The predicted repeats represented 346.39 Mb (68.67%) of the yellowhorn genome assembly. Among these repeats, 2 types of long terminal repeat (LTR)-retrotransposons were the most abundant, including 98.68 Mb of Copia-type (19.57%) and 88.24 Mb of Gypsy-type (17.50%) repeats (Table S3). Accumulation of LTR-retrotransposons is an important contributor to genome expansion and diversity [49]. The insertion time of LTR-retrotransposons in the genome was estimated by calculating the sequence variance between the LTR arms of each LTR-retrotransposon, using a substitution rate of 1.3 × 10−8 substitutions per site per year [50]. To calculate the insertion age of each LTR retrotransposon, the 5′ and 3′ LTRs of each element were aligned with MUSCLE version 3.8.31 (MUSCLE, RRID:SCR_011812) using default setting parameters [51, 52]. Distmat (with default parameters) was used to estimate the DNA divergence between the LTR sequences with the Kimura-2-parameter base substitution model [53] and DNA divergence was converted to divergence time. A comparison of the insertion ages for LTR-retrotransposons showed similar insertion profiles among the genomes of clementine [54] (annotation version 1.0), longan [55] (annotation version 1.0), grape [56] (Vitis vinifera, annotation version GenomeScope.12X), and yellowhorn (Fig. 3A).
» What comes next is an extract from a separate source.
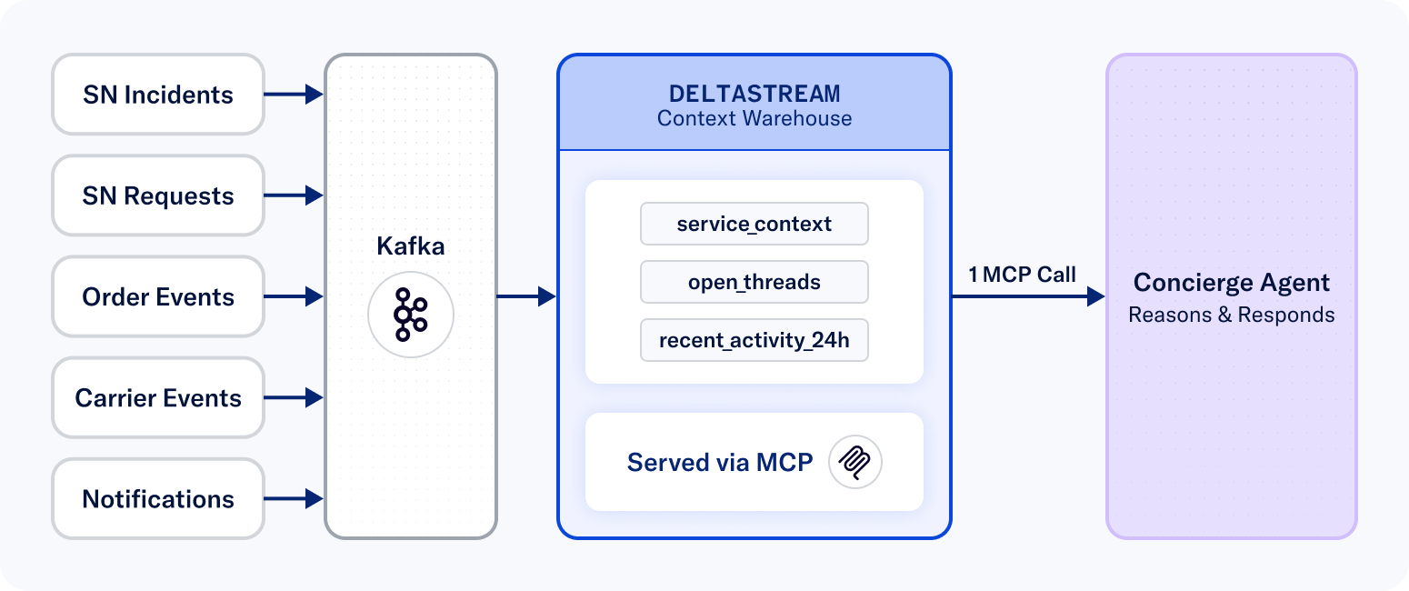 DeltaStream takes a different approach. Instead of asking agents to assemble context at runtime, DeltaStream continuously computes it as events flow in. ServiceNow incident opens, updates, and closures stream into Kafka. Delivery and carrier events stream in. Order state changes stream in. DeltaStream joins and enriches these streams in real time into materialized views that always reflect the current truth, a unified service context per customer, per order, per open service thread.

We observed that the yellowhorn genome carried more young LTR-retrotransposons, with the highest proportion of LTR-retrotransposons with insertion ages <0.2 million years ago (mya). This might have resulted from rapid changes of its growing environment, such as the effects of pathogens and interference from human activities in recent years. The genomes sequenced by pure next-generation sequencing technology might show fewer LTR-retrotransposons because the sequence similarity between LTR arms and among different LTR-retrotransposons probably caused assembly errors in these regions, which may have led to underestimation of the number of LTR-retrotransposons in clementine and longan. Comparison of the insertion ages suggested a similar insertion age between Copia-type and Gypsy-type LTR-retrotransposons (Fig. S3).
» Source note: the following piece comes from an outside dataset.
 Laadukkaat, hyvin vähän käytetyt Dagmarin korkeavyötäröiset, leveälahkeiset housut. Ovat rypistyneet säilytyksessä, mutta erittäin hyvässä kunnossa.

Prediction of protein-coding genes
Annotation of protein-coding genes in the yellowhorn genome was conducted by combining de novo prediction, homology information, and RNA-seq data. For the de novo prediction, Genscan (version 3.1) [57], Augustus (Augustus: Gene Prediction, RRID:SCR_008417) (version 3.1) [58], GlimmerHMM version 3.0.4 (GlimmerHMM, RRID:SCR_002654) [59], GeneID (version 1.4) [60], and SNAP (version 2006–07-28) [61] were used to analyse the repeat-masked genome with default parameters. For the similarity-based prediction, the Uniprot protein sequences from 3 sequenced plants, Arabidopsis (The Arabidopsis Information Resource [TAIR] 10, [62]), longan (V1.0, [63]), and grape (Genomescope 12×, [64]), were aligned against the ab initio gene models in the yellowhorn genome using GeMoMa (version 1.3.1) [65]. When multiple transcripts were predicted at the same location, the highest GeMoMa scoring transcript was chosen as the optimal model [66]. The RNA-seq data were aligned to the reference genome with PASA (version 2.0.2) [67] under default parameters. All predictions from the 3 methods were combined with EVidenceModeler (v1.1.1) (Mode: STANDARD S-ratio: 1.13 score>1000) [68] to produce a consensus gene set. During the EVM integration, higher weights were assigned to the predicted PASA and GeMoMa models than the ab initio models. PASA was used to modify the final gene models.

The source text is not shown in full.